Hoy voy a hablar de san Benito, fundador del monacato occidental y también patrono de mi pontificado. Comienzo citando una frase de san Gregorio Magno que, refiriéndose a san Benito, dice: «Este hombre de Dios, que brilló sobre esta tierra con tantos milagros, no resplandeció menos por la elocuencia con la que supo exponer su doctrina» (Dial. II, 36). El gran Papa escribió estas palabras en el año 592; el santo monje había muerto cincuenta años antes y todavía seguía vivo en la memoria de la gente y sobre todo en la floreciente Orden religiosa que fundó. San Benito de Nursia, con su vida y su obra, ejerció una influencia fundamental en el desarrollo de la civilización y de la cultura europea.

La fuente más importante sobre su vida es el segundo libro de los Diálogos de san Gregorio Magno. No es una biografía en el sentido clásico. Según las ideas de su época, san Gregorio quiso ilustrar mediante el ejemplo de un hombre concreto —precisamente san Benito— la ascensión a las cumbres de la contemplación, que puede realizar quien se abandona en manos de Dios. Por tanto, nos presenta un modelo de vida humana como ascensión hacia la cumbre de la perfección.

En el libro de los Diálogos, san Gregorio Magno narra también muchos milagros realizados por el santo. También en este caso no quiere simplemente contar algo extraño, sino demostrar cómo Dios, advirtiendo, ayudando e incluso castigando, interviene en las situaciones concretas de la vida del hombre. Quiere mostrar que Dios no es una hipótesis lejana, situada en el origen del mundo, sino que está presente en la vida del hombre, de cada hombre.

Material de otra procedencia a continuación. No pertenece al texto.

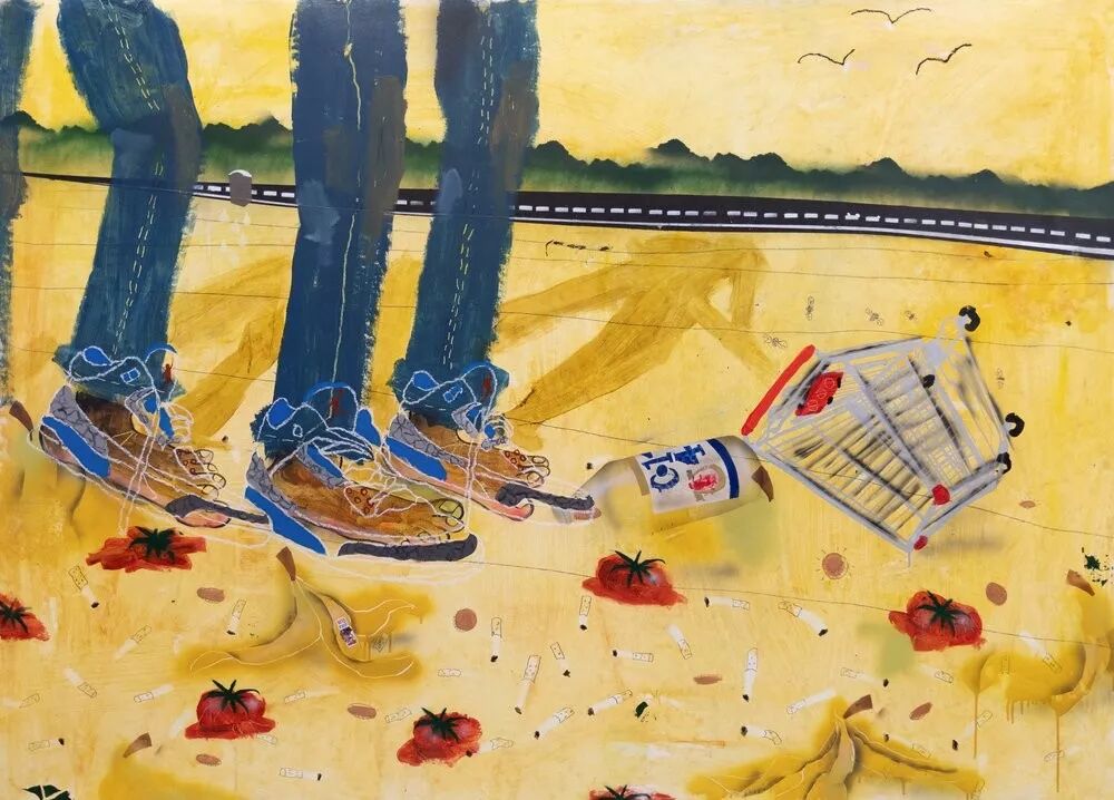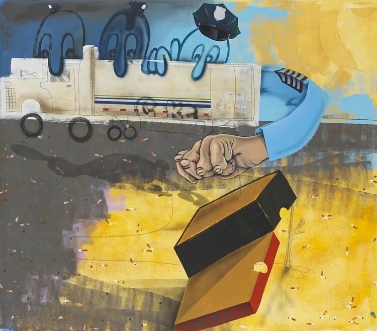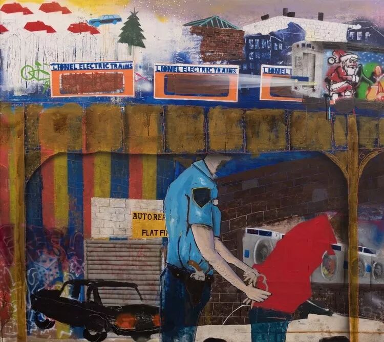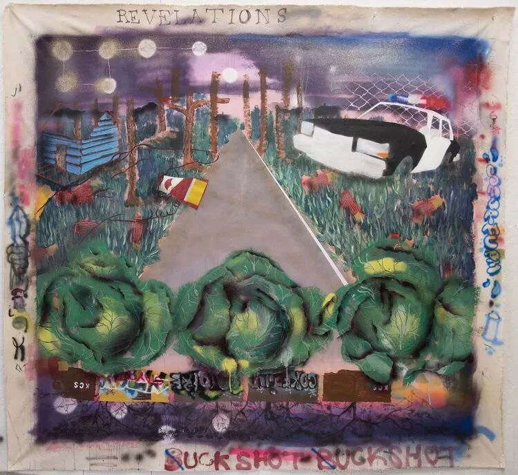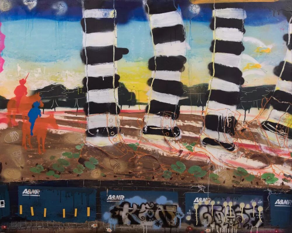 Acrylic, pencil, oil pastel, airbrush, aerosol paint on canvas

Esta perspectiva del «biógrafo» se explica también a la luz del contexto general de su tiempo: entre los siglos V y VI, el mundo sufría una tremenda crisis de valores y de instituciones, provocada por el derrumbamiento del Imperio Romano, por la invasión de los nuevos pueblos y por la decadencia de las costumbres. Al presentar a san Benito como «astro luminoso», san Gregorio quería indicar en esta tremenda situación, precisamente aquí, en esta ciudad de Roma, el camino de salida de la «noche oscura de la historia» (cf. Juan Pablo II, Discurso en la abadía de Montecassino, 18 de mayo de 1979, n. 2: L'Osservatore Romano, edición en lengua española, 27 de mayo de 1979, p. 11).

De hecho, la obra del santo, y en especial su Regla, fueron una auténtica levadura espiritual, que cambió, con el paso de los siglos, mucho más allá de los confines de su patria y de su época, el rostro de Europa, suscitando tras la caída de la unidad política creada por el Imperio Romano una nueva unidad espiritual y cultural, la de la fe cristiana compartida por los pueblos del continente. De este modo nació la realidad que llamamos «Europa».

La fecha del nacimiento de san Benito se sitúa alrededor del año 480. Procedía, según dice san Gregorio de la región de Nursia, ex provincia Nursiae. Sus padres, de clase acomodada, lo enviaron a estudiar a Roma. Él, sin embargo, no se quedó mucho tiempo en la ciudad eterna. Como explicación totalmente creíble, san Gregorio alude al hecho de que al joven Benito le disgustaba el estilo de vida de muchos de sus compañeros de estudios, que vivían de manera disoluta, y no quería caer en los mismos errores. Sólo quería agradar a Dios: «soli Deo placere desiderans» (Dial. II, Prol. 1).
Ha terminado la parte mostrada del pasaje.